Friday, December 20, 2013

Avoiding the CGminer BSOD/Crash on Exit for R9 290/290X

One of the major annoyances with mining via cgminer on R9 290/290X hardware is that it will hard crash your system when you exit "gracefully" -- by pressing "Q" or "CTRL+C". Some people will tell you that the problem is your clock speeds, or that you're using unstable settings, but this is absolutely false. The reality is that the crash is caused by outdated code in cgminer.

You see, cgminer's developer has decided to stop supporting GPUs. I don't blame him -- he's probably earning a ton of money working on developing and maintaining his program for ASICs, and since he's only one man he can't really keep doing both. But it means that code that worked fine in the past may now have difficulties. And that's exactly what's happening.

With their Hawaii architecture, AMD updated some things for the R9 290/290X. Specifically, they've updated their Overdrive engine from version 5 to 6, which helps with things like preventing the GPUs from frying if you run them too hard. This is part of the reason why you need to carefully tune your mining rigs for each GPU -- one R9 290X may run great at 975/1550 clocks while another will totally fail at those speeds. You can often see that you've pushed the GPU engine clocks too far by watching the clocks in MSI Afterburner; if you've set the engine for 950MHz and it's bouncing around between 800-950MHz, AMD's hardware is doing its job and dropping clocks to reduce power draw and protect the chips. Drop the engine clocks 25MHz (or 50, 75, etc. MHZ) and see if clocks go up. But I digress....

So the problem with R9 290/290X (Hawaii) and BSOD/crash on exit is that cgminer is tying into older software/hardware paths that don't behave quite the same on the latest GPUs. When you exit normally and cgminer tries to release things, there's a glitch and a BSOD is the result. Note that this happens on Windows as well as Linux (though without the BSOD on Linux, obviously), so it's not just an OS problem. But what's the solution?

Update: Forget everything below this point! There's a recompiled version of cgminer available that fixes the problem, and I recommend using it.


[Old text follows so you can see how things have developed.]

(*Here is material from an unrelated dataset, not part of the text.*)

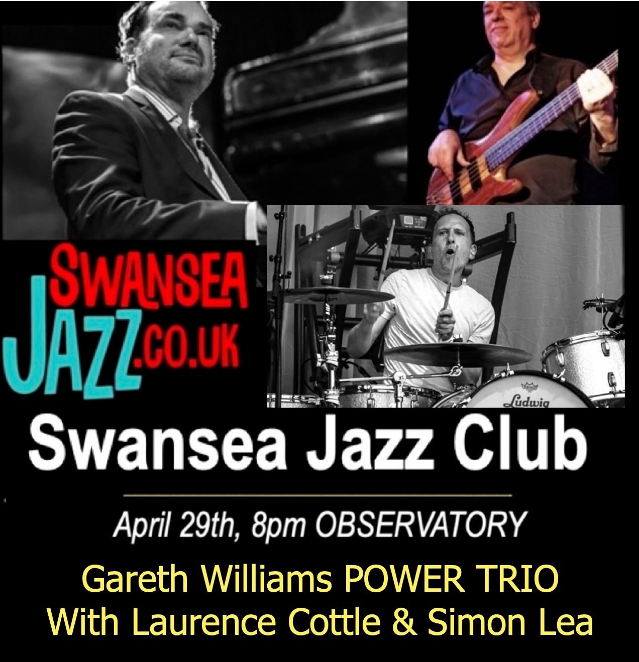 WEDNESDAY APRIL 29th, 8pm @Observatory GARETH WILLIAMS POWER TRIO with Laurence Cottle & Simon Lea

Simple: don't use any of cgminer's GPU overclocking and/or temperature monitoring features. That means you have to avoid the following (as far as I can tell):
  • auto-fan
  • gpu-engine
  • gpu-fan
  • gpu-memclock
  • gpu-powertune
  • gpu-vddc
  • temp-cutoff
  • temp-overheat
  • temp-target
Okay, those are easy enough to remove, but there's a problem: without tuning your GPUs, performance, hash rates, temperatures, and stability are all compromised. Yuck. The temperature targets in particular are important, as if you leave AMD's drivers to manage everything you'll have severe throttling. So you need to turn to other utilities to manage temperatures and clocks as best you can...or just live with the inability to do a normal exit from cgminer.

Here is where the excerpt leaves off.